With all the talk of elections and coalitions, I remain stupefied (well, not really) that electoral reform remains outside the scope of discussion for political columnists, pundits and parties. The only recent reference I could find online was from Leslie Campbell at the National Democratic Institute in the September 4 Globe and Mail. Harper's ruminations about needing a "majority" (of seats, not votes), to teach the socialists, separatists and liberals a lesson, go unchallenged or are written off as a matter of personality, not program. But we know exactly why Harper wants his phony majority. It's about policy, not "education". Harper wraps himself in democracy and the flag to paint himself and the conservatives as the victims when it is the voters who are victimized election after election.
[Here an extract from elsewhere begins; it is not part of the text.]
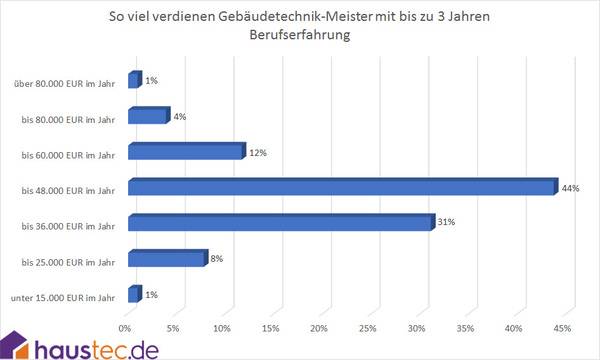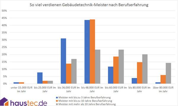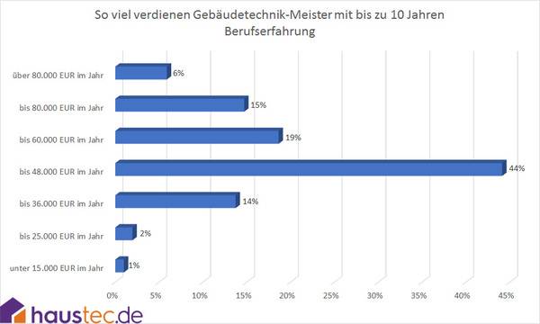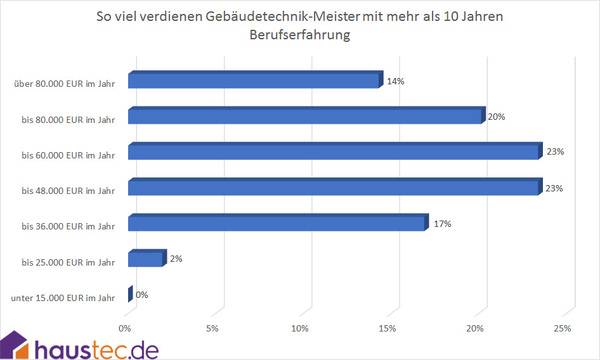 Bei einer Meister-Karriere in der Gebäudetechnik mit einer Berufserfahrung von mehr als 10 Jahren verdient ein Fünftel ein Jahresgehalt von bis zu 80.000 Euro. Fast genau so viele Meister (23 Prozent) verdienen bis zu 60.000 Euro bzw. bis zu 48.000 Euro (ebenfalls 23 Prozent).

Meanwhile, the media ask "what's that smell?" It's elephant dung stupid.
We know that the liberal party opposes proportional representation. But Iggy goes one step further by falling into Harper's coalition trap. The notion of some kind of coalition government, as allowed for under the current (unfair) electoral & partiamentary system is rejected a priori as illegimate - whether floated as a way to prevent an election or as a potential outcome in any future election. The only "legitimate" victory is a phony majority. Common wisdom?
The Bloc rejects electoral reform for obvious reasons. They are a big beneficiary of the current unfair electoral system. The NDP always say they support reform and PR, but they don't seem to take advantage of any opportunities to talk about it (or to actually do something about it at the provincial level when they've had the opportunity).
So, each of the 3 pan-Canadian parties will carry on with business as usual in the hope (or pretension) that they can finesse enough 3, 4 or 5-way races to end up with a "majority" government with a minority of the votes. "Democracy" is not much more than wedge issue-driven cycnical manipulation that grants total power to the victor. It's a sorry state of affairs. No wonder more and more people are staying home on election day.